A tool for Guided Generation based Protein Design and Engineering using FoldX, or any other properties adding to custom-scoring function.

Project description

Protein Understanding and Design Using Guided Generation

Introduction

Guided generation in protein design and engineering allows using external information to steer the output of a generative model towards specific biological or functional goals. PLMs often struggle to generate sequences with specific, desired properties that are not strongly represented in the training data.

This repository contains a Python-based framework for computational protein design that uses ESM3's guided generation capabilities to refine protein sequences, optimizing for structural stability as predicted by the FoldX energy function.

The primary goal of this tool is to take a wild-type protein structure and redesign a user-defined portion of its sequence to discover novel variants with enhanced stability ($ΔΔG$). The code is customizable to include other protein properties in the guided-generation custom-scoring function.

Folder Structure

ESM3-Guided-Generation-Based-Protein-Engineering
│
└─── data                  <- folder to keep the respective protein data bank and crystallographic information file       
│        │ 
│        └───cif           
│        └───pdb
│        
└───ESM_Cookbook           <- experimental notebooks provided by ESM for testing purposes                             
│
└───result                 <- folder to store the plots and obtained results
│
└───foldx                  <- folder to store pdb files, foldx generated repaired files, foldx binary, and rotabase.txt
│
└───logs                   <- folder to store the generated log from experiments, it includes all information and processes.                           
│
└───src                    <- main source folder
│    │ 
│    └───notebooks         <- includes file to convert cif to pdb, analyzing pdb files, and code to generate plots from log file                   
│    │      │ 
│    │      └───ciftopdb.ipynb
│    │      └───PDB_analysis.ipynb
│    │      └───plot.ipynb
│    │  
│    └───esm_foldx_guidedgeneration                  
│           │ 
│           └───guided_generation.py            <- derivative-free guided generation, parallel foldx run
│           └───main.py                         <- main python file 
│           └───scoring_utils.py                <- pdb parsing, foldx call, foldx scorer
│           └───guided_generation.sh            <- sample batch script to run on an HPC cluster using Slurm
│     
└───.gitignore
└───environment.yml
└───pyproject.toml
└───LICENSE
└───README.md
└───setup.py
    

Features

  • Guided Design: Leverages the state-of-the-art ESM3 protein language model to intelligently generate new sequence variants.
  • Stability Scoring: Uses the physically-grounded FoldX energy function to score the stability of each generated candidate.
  • Proportional Unmasking: Employs an adaptive unmasking schedule that makes large changes initially and fine-tunes the sequence in later steps.
  • Parallel Processing: Significantly accelerates the scoring of candidates by running multiple FoldX instances in parallel.
  • Automated Workflow: A single script handles PDB repair, sequence masking, iterative generation, scoring, and results visualization.

Methodology

The design process is an iterative, guided search that can be thought of as a Design-Build-Test cycle performed entirely in silico.

Installation and Setup

This framework is designed for a Linux-based environment with CPU/GPU acceleration.

pip install esm_foldx_guidedgeneration

System Requirements

  • Operating System: Linux (tested on NERSC Perlmutter Custom Linux-based kernel)
  • Processor: Modern multi-core CPU (8+ cores recommended for parallel scoring)
  • Memory (RAM): 64 GB or more recommended
  • GPU: NVIDIA GPU with CUDA support (16GB+ VRAM recommended for the 15B ESM3 model)

Dependencies

This project relies on several key pieces of software.

  1. Python & Conda: Python 3.8+ is required. It is highly recommended to manage the environment using Conda.

  2. FoldX Modeling Suite: This package calls the FoldX executable to perform stability calculations.
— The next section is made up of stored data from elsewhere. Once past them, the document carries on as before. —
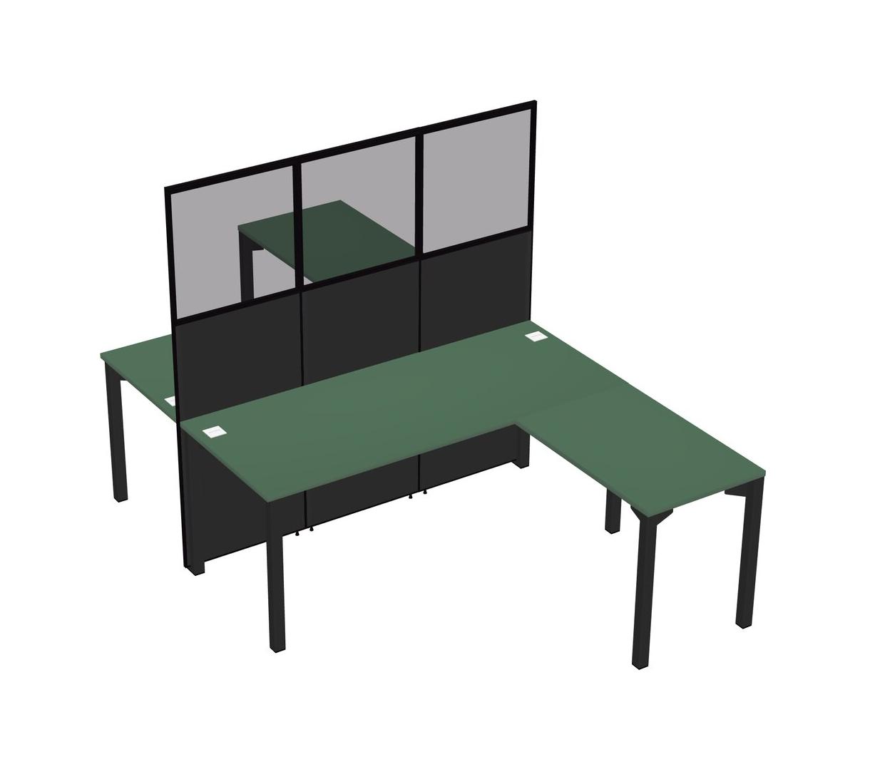 Green Shared L-shape Office Cubicle Panel System For 2 Persons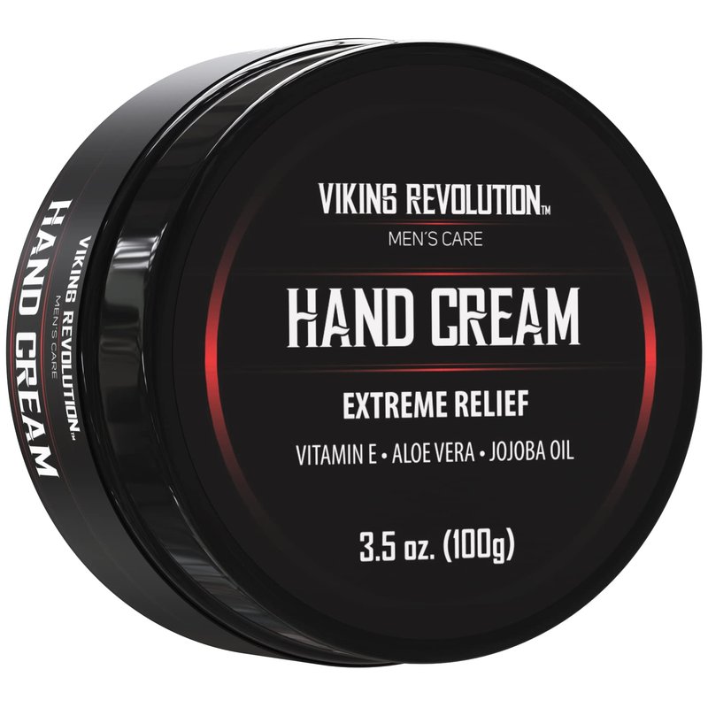 Viking Revolution Mens Hand Cream for Men - Hand Cream for Dry Cracked Hands Repair Cream - Dry Hand Cream for Dry Hands Balm - Aloe Vera Dry Hands Treatment Skin Moisturizer with Vitamin E (3.5oz)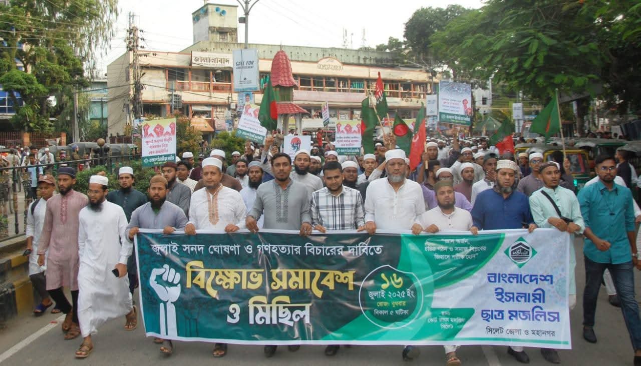 ডেস্ক রিপোর্ট :: কেন্দ্রীয় কর্মসূচীর অংশ হিসেবে বাংলাদেশ ইসলামী ছাত্র মজলিস সিলেট জেলা ও মহানগরীর উদ্যোগে ‘ জুলাই ঘোষণাপত্র প্রদান ও

    • Obtain a FoldX License: Request a free academic license from the FoldX website.
    • Download FoldX: After receiving your license, download the Linux version of the FoldX executable.
    • Set Up foldx Directory:
      • In the root of this repository, create a directory named foldx.
      • Place the foldx executable and the rotabase.txt file inside this foldx directory.
      • Place the pdb files inside the foldx directory.
  3. Python Libraries: All required Python libraries and their specific versions are listed in the environment.yml file. Key dependencies include:

    • pytorch
    • esm
    • pandas
    • matplotlib & seaborn
  4. Hugging Face Account: The ESM3 model is a gated model and requires a Hugging Face account for access.

Environment Setup

  1. Log in to Hugging Face: Before setting up the environment, you must authenticate with Hugging Face.
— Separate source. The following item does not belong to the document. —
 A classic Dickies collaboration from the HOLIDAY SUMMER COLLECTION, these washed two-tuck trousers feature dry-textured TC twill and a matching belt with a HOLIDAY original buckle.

    • Go to the ESM3 model page and accept the terms of use.
    • Go to your Hugging Face tokens page, generate a new read token, and copy it.
    • In your terminal, run the login command and paste your token when prompted:
      huggingface-cli login
      
  2. Create the Conda Environment: You can recreate the necessary Conda environment using the provided file. This will install all the required Python packages.
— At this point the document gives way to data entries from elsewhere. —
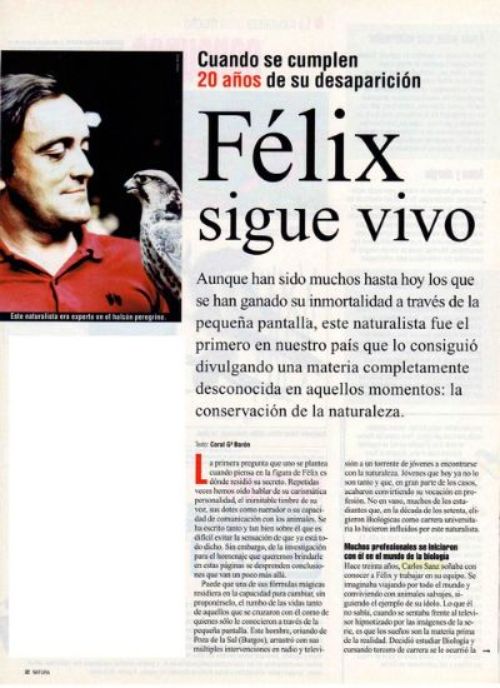 Ya desde niño sentía gran afición por todo cuanto acontecía en la naturaleza, y de forma especial me atraía la vida y costumbres de la fauna. Y Félix era para mí un ídolo al que admiraba y seguía a través de sus libros y de sus múltiples intervenciones en programas de radio y televisión, tales como "La Aventura de la Vida”, "Fin de semana”, "A toda Plana”, "Vida Salvaje”, "Planeta Azul”,...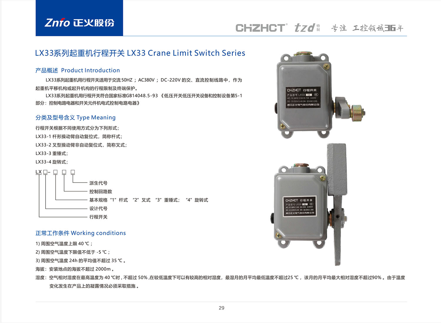LX33系列起重机行程开关_行程/限位开关_行程/微动/跑偏/拉绳/超速_工业控制与保护_产品中心_huatihui电气股份有限公司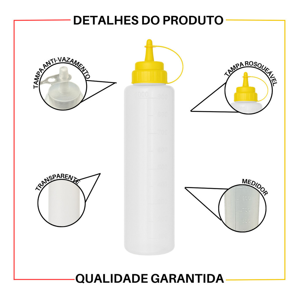 BISNAGA TRANSPARENTE 1 LITRO COM MEDIDOR TAMPA AMARELA As bisnagas para condimentos são feitas com plástico especial para não contaminar os alimentos e molhos. Leves e resistentes próprios para uso doméstico ou profissional. -Com medidor de dosagem; -Cada bisnaga com 1000 ML; -Pode ser levado ao congelador; -O líquido só sai quando a bisnaga é pressionada; -Rosca firme e precisa: as tampas ficam firmes e não se soltam, evitando surpresas desagradáveis; -Excelente para usos em lanchonetes, hamburguerias, pastelarias, restaurantes em geral;

    # Create the conda environment from the file
    conda env create -f environment.yml
    
    # Activate the new environment
    conda activate proteinenv
    

Local Package Installation

To make the scripts callable from anywhere, install the package in "editable" mode. From the root of the repository, run:

pip install -e .

Usage

The main script can be run from the command line. You must provide a PDB filename, chain ID, and masking percentage.

python src/original_source_files/main.py --pdb_filename "1fbm.pdb" --chain_id "A" --masking_percentage 0.4 --num_decoding_steps 32 --num_samples_per_step 20 --num_workers 20
  1. Change the masking_percentage based on the protein residue, if the residue is larger try to give a smaller masking_percentage, for smaller residue 0.4-0.5 works perfect. For the num_decoding_steps and num_samples_per_step give the value based on the no of iterations desired for the optimization process. num_workers value will be same as num_samples_per_step for performing simultaneous foldx call in parallel.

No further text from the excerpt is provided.